First attempt at relying on binding data to make hash ring state management idempotent failed. Because RabbitMQ will create bindings anyway, it would only create confusion.

A longer term solution would be to make this the first plugin that adopts Khepri, our Raft-based next generation schema data store.

In the short term I'll look into using the state of the ring itself and/or the good old distributed locking module in Erlang.

[ansd]

Thanks @SteamUpdate for the excellent reproduction steps in https://github.com/rabbitmq/rabbitmq-server/issues/3386#issuecomment-1103929292.

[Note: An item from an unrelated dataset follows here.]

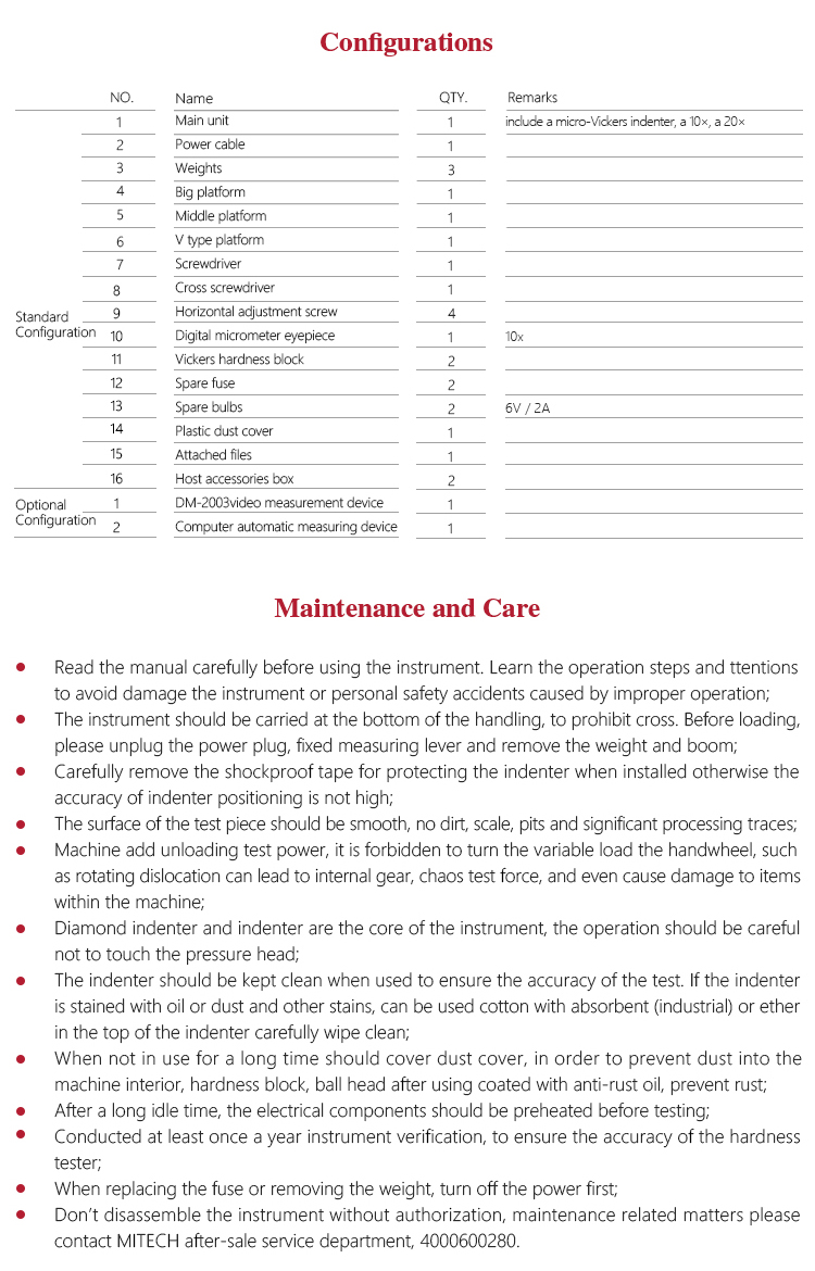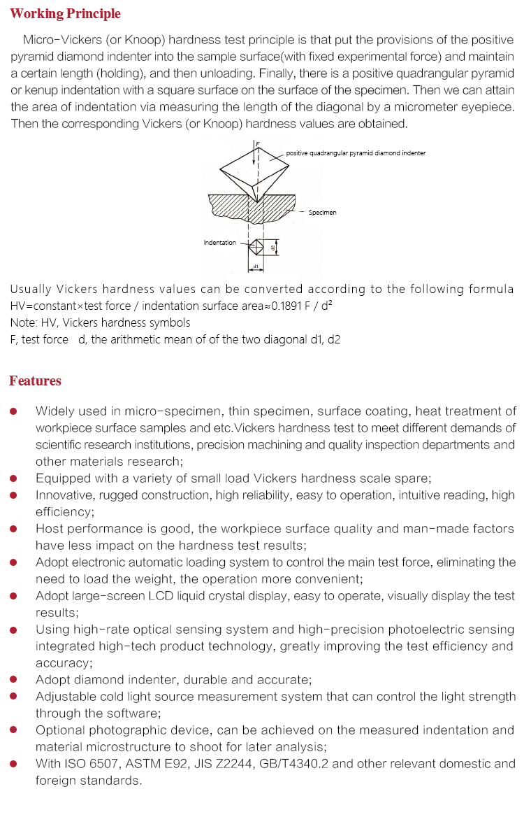 Instrument FeaturesWidely used in micro-specimen, thin specimen, surface coating, heat treatment of workpiece surface samples and etc.Vickers hardness test to meet different demands of scientific research institutions, precision machining and quality inspection departments and other materials research;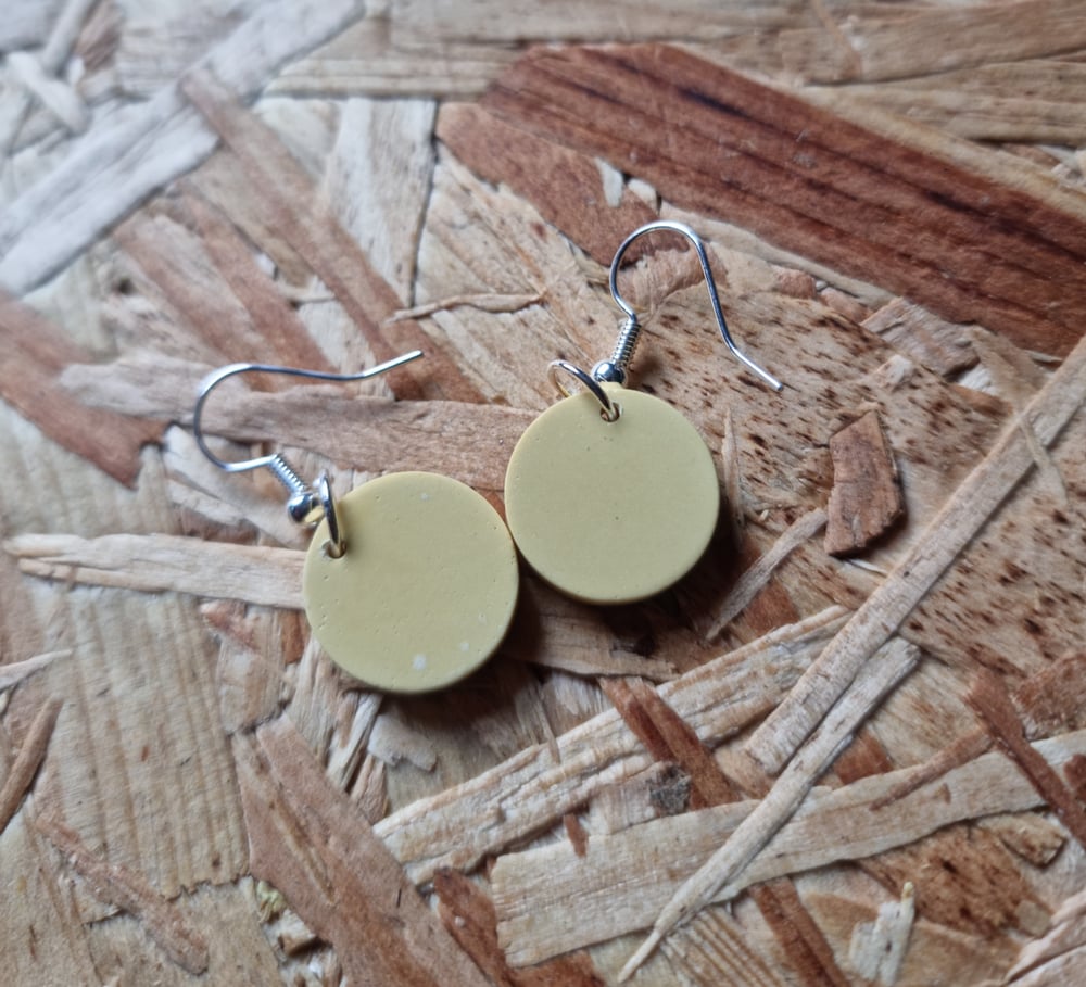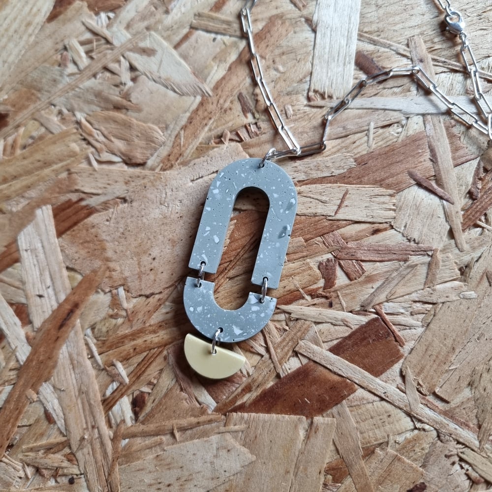 Khaki Green with White Terrazzo and Yellow Half Moon Abstract Necklace

https://github.com/rabbitmq/rabbitmq-server/pull/5121 makes adding bindings idempotent and will therefore fix this issue.

As @michaelklishin already mentioned this comes with a slight breaking change for applications that previously relied upon adding duplicate bindings (i.e. bindings with the same source exchange and same destination queue but possibly different routing key).